There’s a reason consumer drones have evolved from an expensive toy into a tool of war: They can perform high-altitude surveillance, carry out reconnaissance, or even deploy weapons, with their operator safely hidden as far as miles away. But hackers are revealing that for quadcopters sold by the world’s biggest drone manufacturer, operators aren’t nearly as hidden as they might think. In fact, these small flying machines are continually broadcasting their pilots’ exact locations from the sky, and anyone with some cheap radio hardware and a newly released software tool can eavesdrop on those broadcasts and decode them to extract their coordinates.
At the Network and Distributed System Security Symposium (NDSS) in San Diego this week, researchers from Ruhr University Bochum and the CISPA Helmholtz Center for Information Security demonstrated that they were able to reverse engineer the radio signals of drones sold by DJI, the leading manufacturer of consumer quadcopter drones, to decode a radio protocol they use called DroneID. By deconstructing this signal, the researchers could see that every DJI drone’s DroneID communications transmit not only its own GPS location and a unique identifier for that drone, but also the GPS coordinates of its operator.
That DroneID system was designed to allow governments, regulators, and law enforcement to monitor drones and prevent their abuse. But hackers and security researchers have warned for the past year that DroneID is unencrypted and open to anyone who can receive its radio signals. The German researchers, as well as another researcher working separately at the University of Tulsa, have now shown just how completely that signal can be decoded and read, allowing any hacker who can eavesdrop on DroneID to pinpoint a drone’s hidden operator, even if that drone pilot is miles away.

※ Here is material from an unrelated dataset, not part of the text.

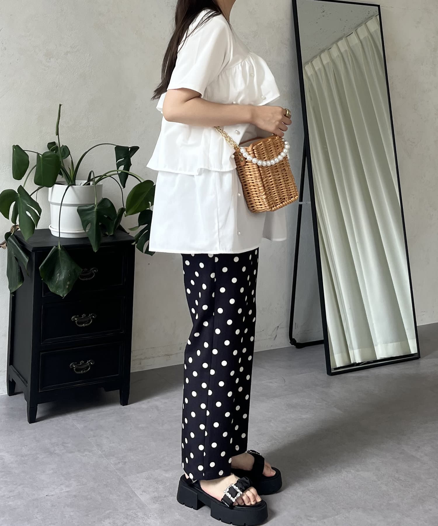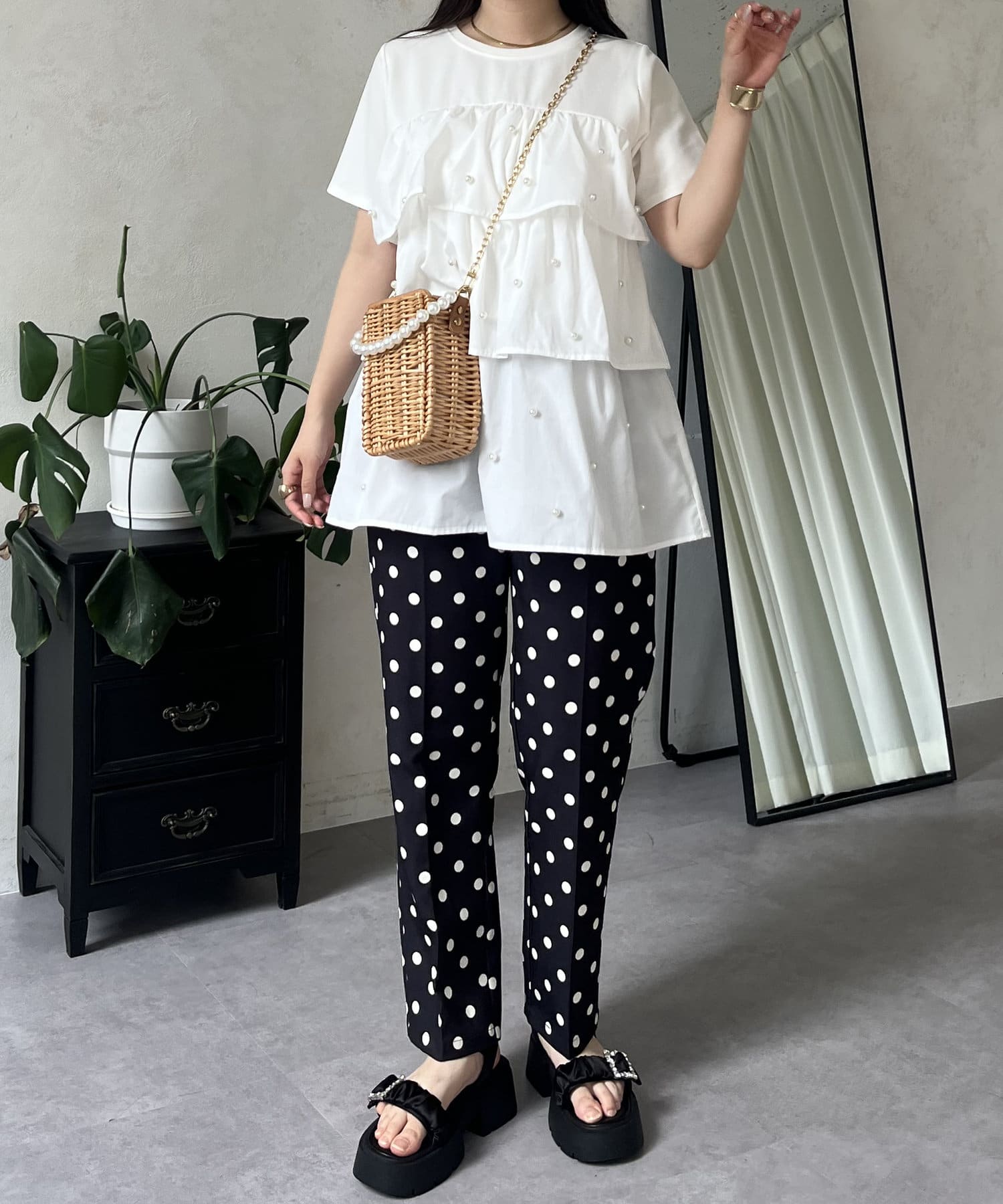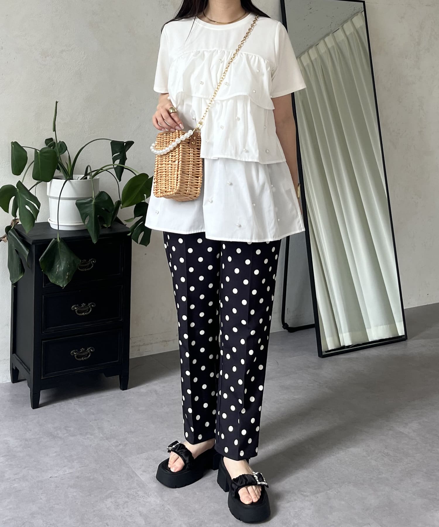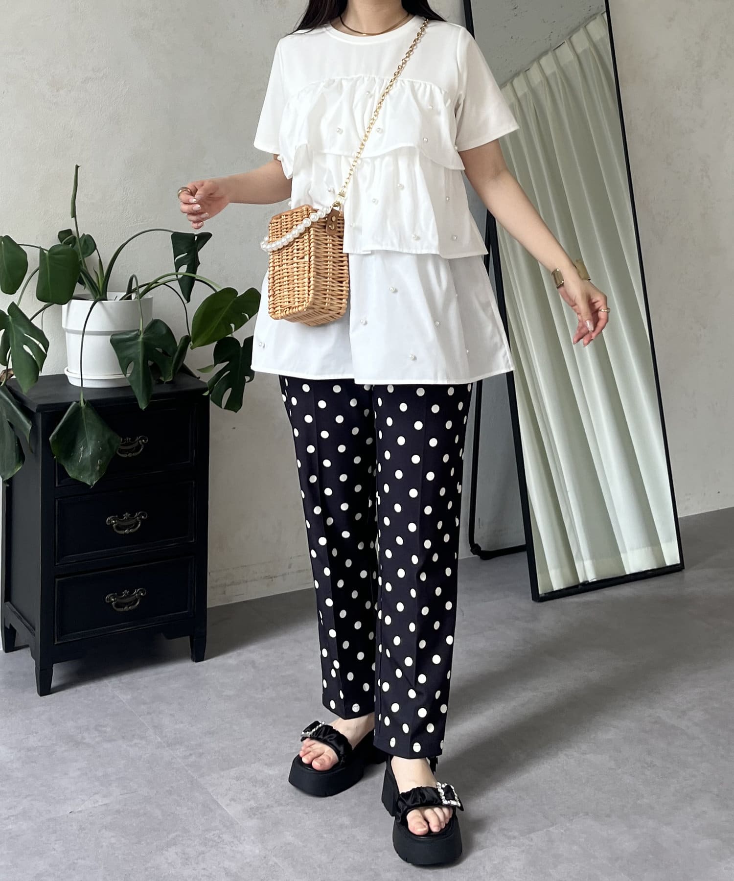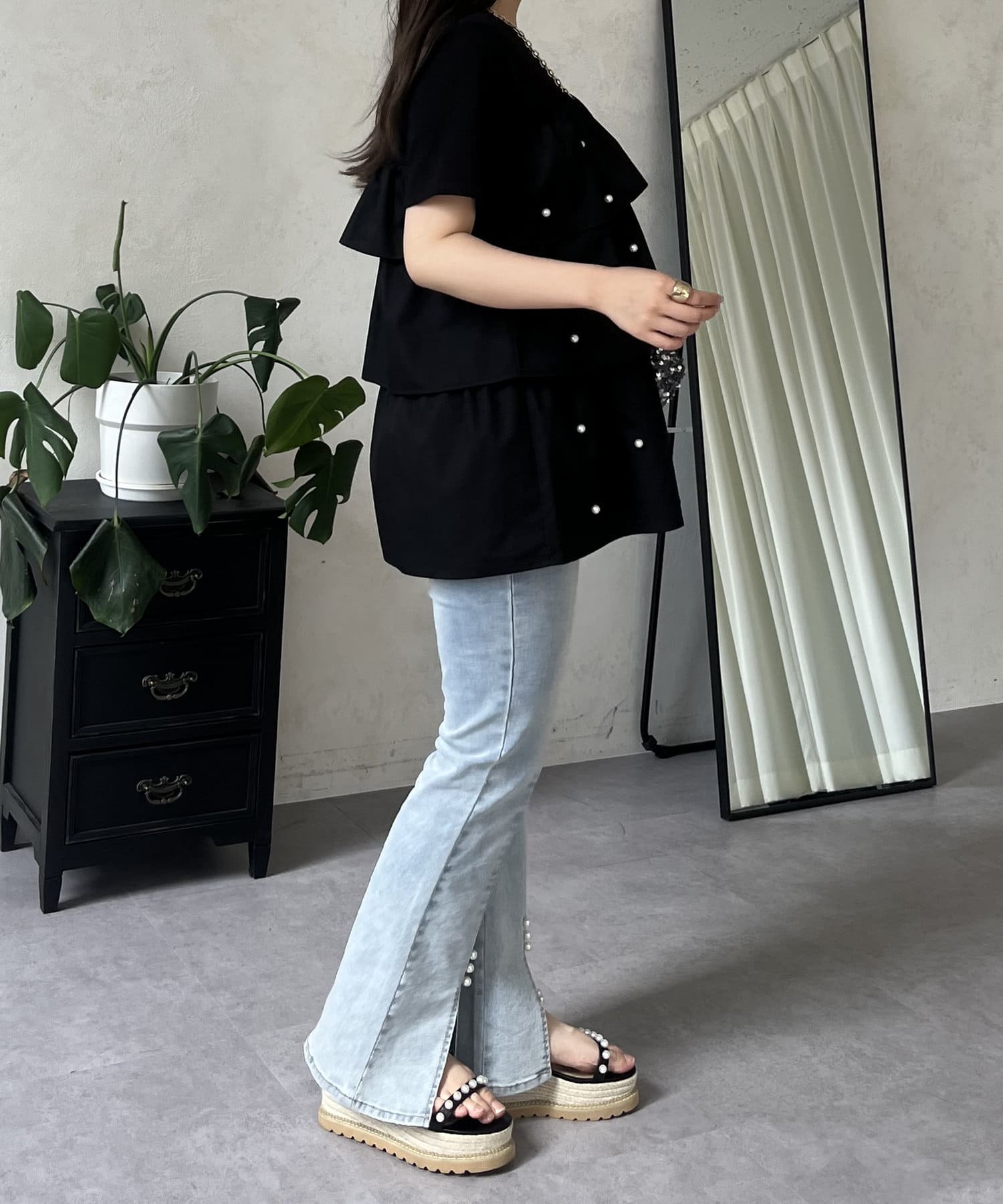 Tシャツ/パール/ティアード/大人可愛い/フェミニン

To publicly prove their findings, the German group has released a prototype tool to receive and decode DroneID data here.
The researchers’ discovery—and their public tool—provide new evidence of the serious privacy and operational security concerns DroneID presents for operators, especially considering that DJI drones are now often used in war zones, where revealing a drone operator’s location can draw enemy fire. And while DJI has an enormous majority share of the consumer drone market, the problem will only grow when new US Federal Aviation Administration regulations go into effect in September, mandating that all consumer drones implement systems similar to DroneID.
“This is a big problem, right?” says Moritz Schloegel, one of the Ruhr University graduate researchers presenting the DroneID findings at NDSS. “You might think your drone transmits its position. But suddenly, it’s transmitting your position as well. Whether you’re privacy-minded or you’re in a conflict zone, nasty stuff can happen.”